▶ **Directions**:
Output every entry exactly, without any pictures.

▶ **Entries supplied**:
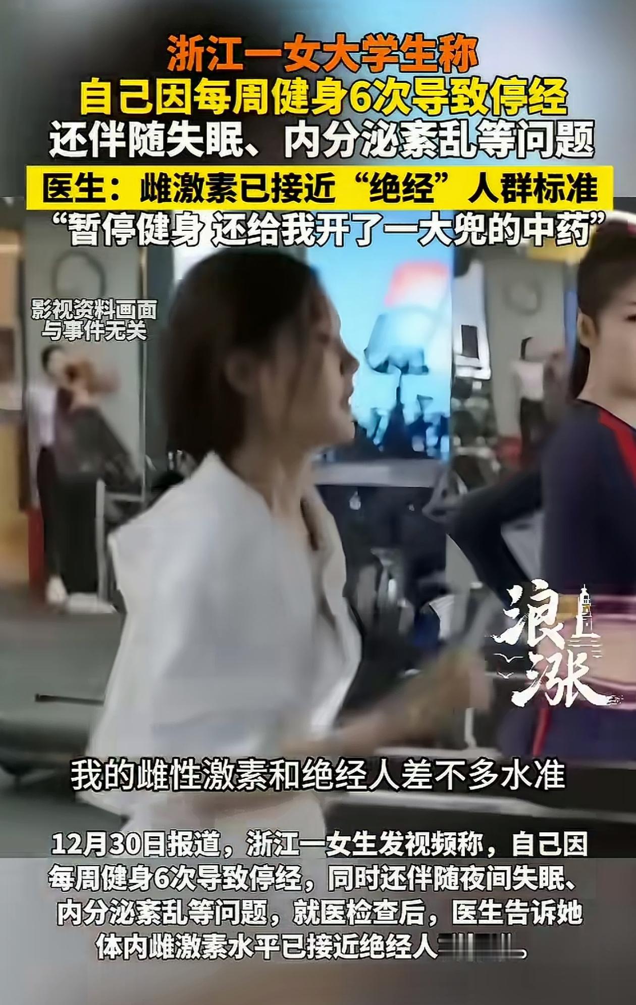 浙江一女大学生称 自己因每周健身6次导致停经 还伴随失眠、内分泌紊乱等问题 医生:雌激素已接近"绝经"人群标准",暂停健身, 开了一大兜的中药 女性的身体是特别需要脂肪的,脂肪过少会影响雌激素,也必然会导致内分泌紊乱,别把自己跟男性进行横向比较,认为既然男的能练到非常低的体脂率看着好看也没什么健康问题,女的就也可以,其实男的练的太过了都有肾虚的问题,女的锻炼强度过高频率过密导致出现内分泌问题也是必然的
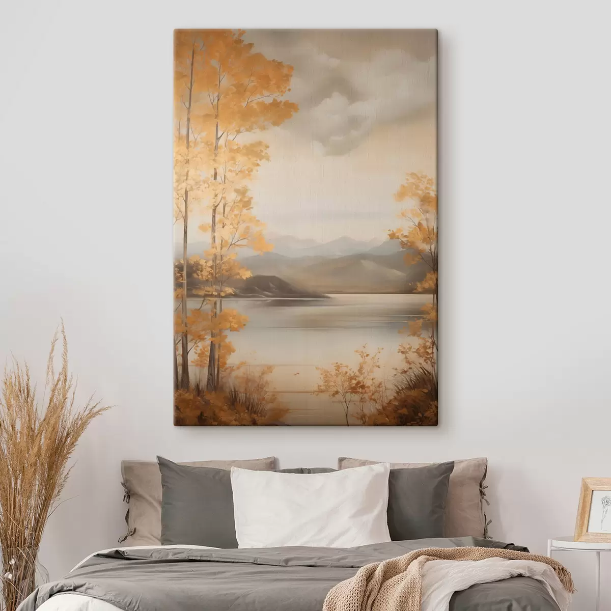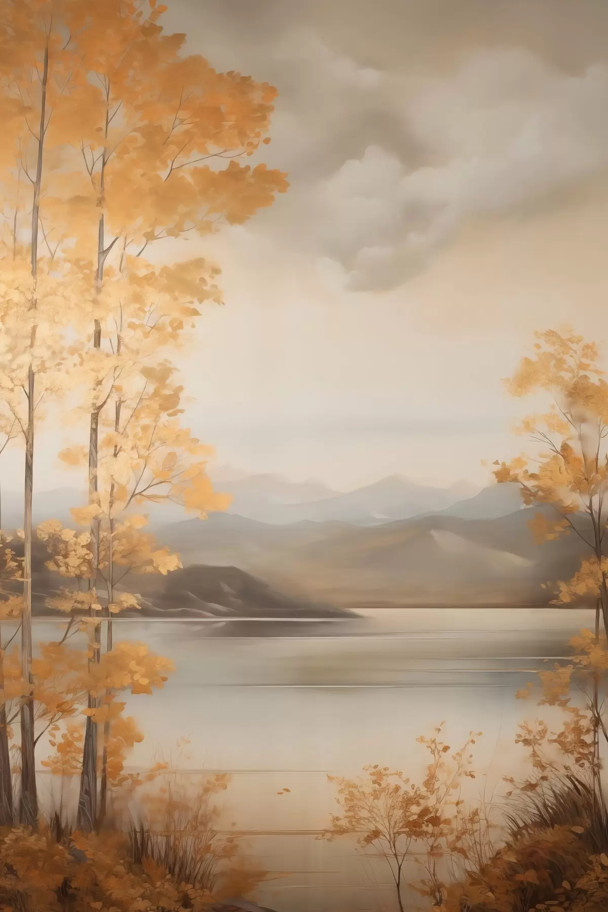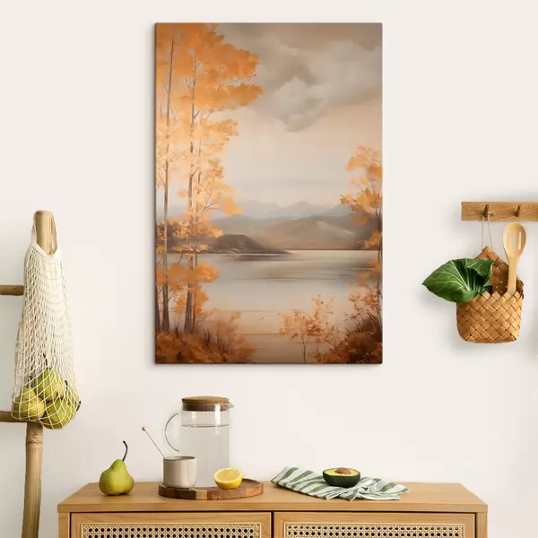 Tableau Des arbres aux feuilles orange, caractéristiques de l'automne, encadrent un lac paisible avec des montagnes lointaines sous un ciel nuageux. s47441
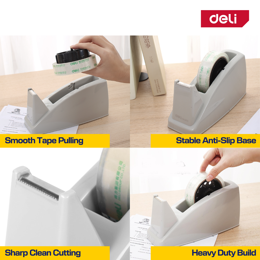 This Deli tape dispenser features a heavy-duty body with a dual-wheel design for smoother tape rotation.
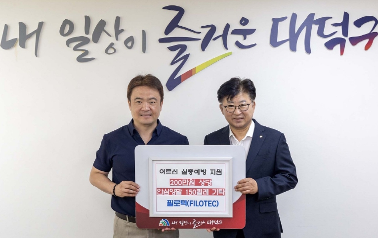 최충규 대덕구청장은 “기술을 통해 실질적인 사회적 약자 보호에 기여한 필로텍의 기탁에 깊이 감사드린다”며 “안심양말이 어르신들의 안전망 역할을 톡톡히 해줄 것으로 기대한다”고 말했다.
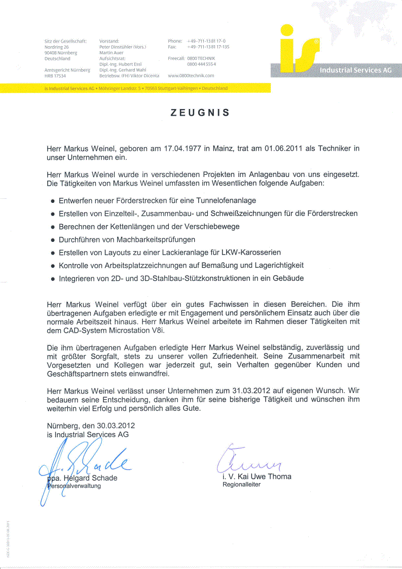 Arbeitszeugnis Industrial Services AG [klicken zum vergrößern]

▶ **Result of the task**:
 浙江一女大学生称 自己因每周健身6次导致停经 还伴随失眠、内分泌紊乱等问题 医生:雌激素已接近"绝经"人群标准",暂停健身, 开了一大兜的中药 女性的身体是特别需要脂肪的,脂肪过少会影响雌激素,也必然会导致内分泌紊乱,别把自己跟男性进行横向比较,认为既然男的能练到非常低的体脂率看着好看也没什么健康问题,女的就也可以,其实男的练的太过了都有肾虚的问题,女的锻炼强度过高频率过密导致出现内分泌问题也是必然的
 Tableau Des arbres aux feuilles orange, caractéristiques de l'automne, encadrent un lac paisible avec des montagnes lointaines sous un ciel nuageux. s47441
 This Deli tape dispenser features a heavy-duty body with a dual-wheel design for smoother tape rotation.
 최충규 대덕구청장은 “기술을 통해 실질적인 사회적 약자 보호에 기여한 필로텍의 기탁에 깊이 감사드린다”며 “안심양말이 어르신들의 안전망 역할을 톡톡히 해줄 것으로 기대한다”고 말했다.
 Arbeitszeugnis Industrial Services AG [klicken zum vergrößern]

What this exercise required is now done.